Aslında çok farklı değildi hikayesi. Herkes gibi bir varmış bir yokmuşla başlayan, varlıkla yokluk arası kısa bir serüven …Yıkanmış güneşli bir avluda, bir kapı aralığından seyrettiği çocuklara zihninde emanet elbiseler biçerek geçirdi ilk yıllarını. Kitaplarla tanıştı sonra, satır aralarından sızan ışığın meftunu oldu.Sayfaları açıp odalara girdi.Anahtar deliklerine uydurdu gözünü.İki kapak arasına sıkıştırılmış hayat parçalarını, kırık bir aynanın içinden izledi durdu.Büyüyordu çocuk.Büyürken canı yanıyordu.Büyümeyi sevmedi.Koparıp alıyordu onu kağıttan kayıkların yüzdürüldüğü hayal denizlerinden.Ama uyumlu bir çocuktu bir yanıyla.Sorumluluklarını bildi.Beklentilere cevap verdi.Hamur yoğurdu, ekmek yaptı.Kardeşine baktı.Bulaşıkları ve çamaşırları yıkıyordu.Evi temizliyordu.Sevilmeyi özlüyordu.Kalabalığın içinde bir başınalığı vardı.Her zaman babasını düşlüyordu.Dizine yattığını hayal ediyordu.Küçük küçücükken yaptığı gibi saçlarını okşadığını babasının.Bir aile sofrasında babasını azarlayan dedesine kin gütmüştü uzun süre.Sonra anlayacaktı ki kalıtsal bir bozukluktur sevgisini gösterememe.Babadan oğula geçen.Annesi , bozuk aile iletişiminin ve kayınvalide zulmünün tornasından geçmiş ve herşeyden, kendinden bile vazgeçmiş bir anneydi.

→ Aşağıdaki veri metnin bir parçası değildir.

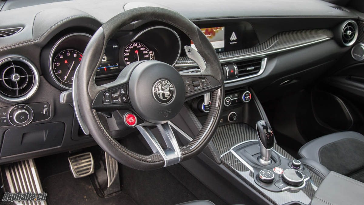 Habillé du très électrique bleu misano, un changement bienvenu du sempiternel rouge Alfa. L’appréciation des lignes et volumes est une affaire de goût, mais le Stelvio Quadrifoglio a une présence visuelle indéniable. A l’intérieur, le dessin et l’agencement rappellent fortement la Giulia. L’impression qualitative initiale est très bonne. De beaux inserts en carbone, une sellerie de qualité, de sculpturales palettes de sélection en aluminium avec un feeling très “Ferrari-esque” forment un ensemble qui flatte la rétine et le bout des doigts.

Aradığı sıcaklığı ona kitaplar alan anneannesinde ve düz bir adam olan dedesinde buldu çocuk.Sükunetin hüküm sürdüğü bu evde dini kitaplardan bakkalın ekmek sardığı gazeteye kadar eline ne geçerse okuyor, okuyor, bitmez tükenmez bir iştiha ile geceleri uzatıyor, kimi zaman güne ekliyordu.Okul hayatı da utangaç başarılarla sürüyordu bir yandan.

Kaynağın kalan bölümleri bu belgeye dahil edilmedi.